From: Mark Davis ☕ (mark@macchiato.com)
Date: Mon Feb 08 2010 - 13:06:15 CST

Next message: Kenneth Whistler: "Re: NFD normalisation test"

Previous message: Andreas Prilop: "Re: FYI: Google blog on Unicode"
In reply to: Andreas Prilop: "Re: FYI: Google blog on Unicode"
Next in thread: Doug Ewell: "Re: FYI: Google blog on Unicode"
Reply: Doug Ewell: "Re: FYI: Google blog on Unicode"
Messages sorted by: [ date ] [ thread ] [ subject ] [ author ] [ attachment ]
Mail actions: [ respond to this message ] [ mail a new topic ]
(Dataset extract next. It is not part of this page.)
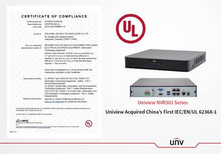 Recently, UL, the global independent safety science company issued Uniview NVR301 Series products with the first IEC/EN/UL 62368-1 Certificate in China. IEC/EN/UL 62368-1 is the state of the art safety standard for computer, communication and audio/video devices. It brought in HBSE (Hazard-Based Safety Engineering), putting up more precise issues for protecting personal safety. Uniview worked closely with UL, tests, verifies, and validates NVR301 Series strictly under the standards of IEC/EN/UL 62368-1, ensured safer and higher quality products for users.

It is unclear exactly what point you are trying to make.

There are really two methodologies in question.

   1. Accept the charset tagging without question.
   2. Use charset detection, which uses a number of signals. The primary
   signal is a statistical analysis of the bytes in the document, but the
   charset tagging is taken into account (and can sometimes make a difference).
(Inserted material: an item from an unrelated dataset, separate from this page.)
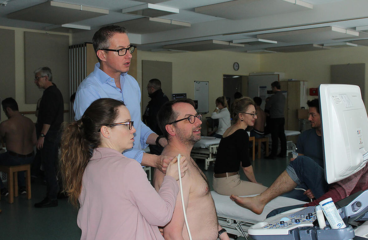 Der Anteil der praktischen Ausbildung "hands on" am Sonogerät beträgt größer 50 Prozent der Kurszeit und erfolgt ausschließlich in Kleingruppen von 3-4 Teilnehmern pro Sonogerät und qualifiziertem Instruktor.

The issue is whether, on balance, which of these produces better results for
web pages and other documents. And with pretty exhaustive side-by-side
comparisons of encodings, it is clear that #2 does, overwhelmingly.
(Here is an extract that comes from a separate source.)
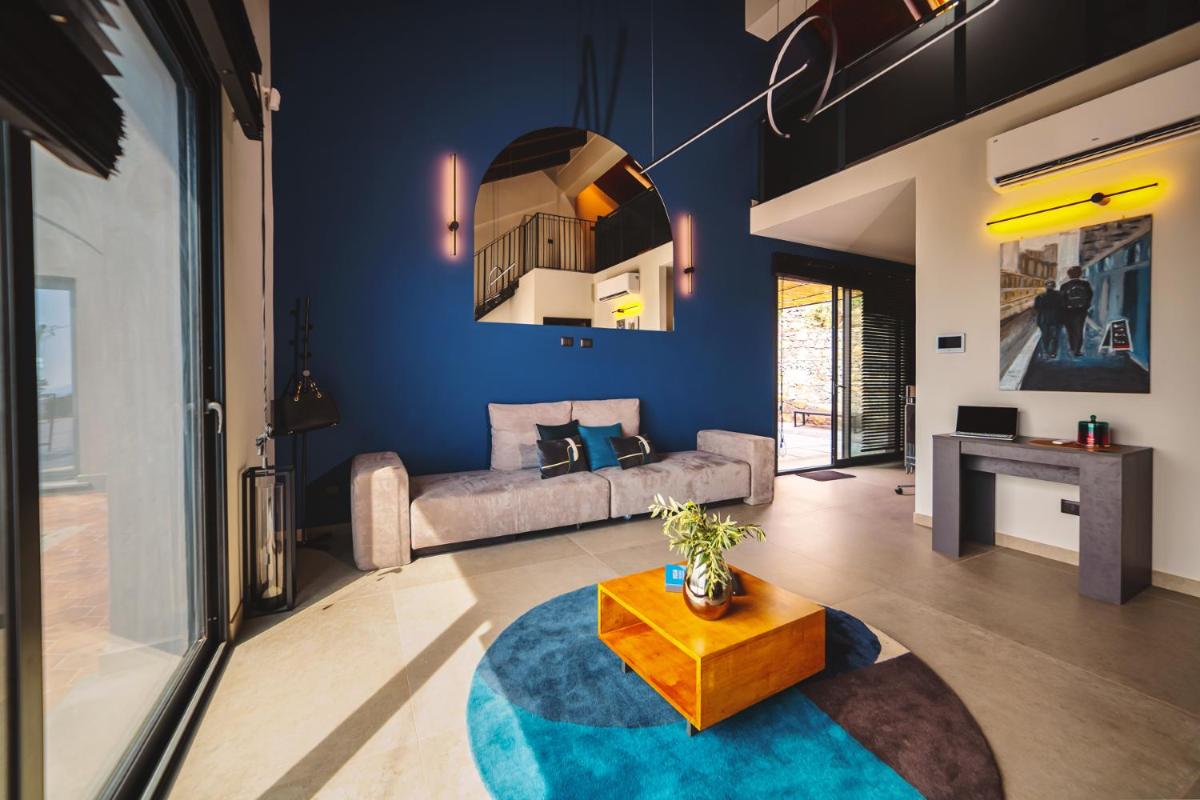 La struttura è un'antica masseria o 'baglio' sapientemente restaurata, che mantiene il suo carattere storico con muri in pietra lavica, travi in legno a vista e pavimenti in cotto. Il design interno combina elementi rustici con un'eleganza sobria e moderna, creando un ambiente accogliente e profondamente legato al territorio.

Of course, the less the contents of the document look like "real text", the
more likely that #2 will produce the incorrect results. But we have to look
at the approach that produces the best results overall.

Mark

On Mon, Feb 8, 2010 at 09:40, Andreas Prilop <prilop4321@trashmail.net>wrote:

> On Fri, 29 Jan 2010, Mark Davis wrote upside-down:
>
> > It is encodings determined by a detection algorithm.
>
> This is so stupid!
>
> The results can be seen here:
> http://groups.google.co.uk/group/pl.test/msg/1fa7fa753aad46a2
>
> Special characters are often messed up in groups.google
> because your stupid algorithm takes ISO-8859-1 when the
> message is actually ISO-8859-2 or ISO-8859-15 or whatever.
>
> http://groups.google.co.uk/group/pl.test/msg/359af83289a00e8e
>
> > The declarations for encodings (and language)
> > are far too unreliable to be depended on.
>
> Unreliable is a guy who doesn't even know how to quote.
>
>

Next message: Kenneth Whistler: "Re: NFD normalisation test"
Previous message: Andreas Prilop: "Re: FYI: Google blog on Unicode"
In reply to: Andreas Prilop: "Re: FYI: Google blog on Unicode"
Next in thread: Doug Ewell: "Re: FYI: Google blog on Unicode"
Reply: Doug Ewell: "Re: FYI: Google blog on Unicode"
Messages sorted by: [ date ] [ thread ] [ subject ] [ author ] [ attachment ]
Mail actions: [ respond to this message ] [ mail a new topic ]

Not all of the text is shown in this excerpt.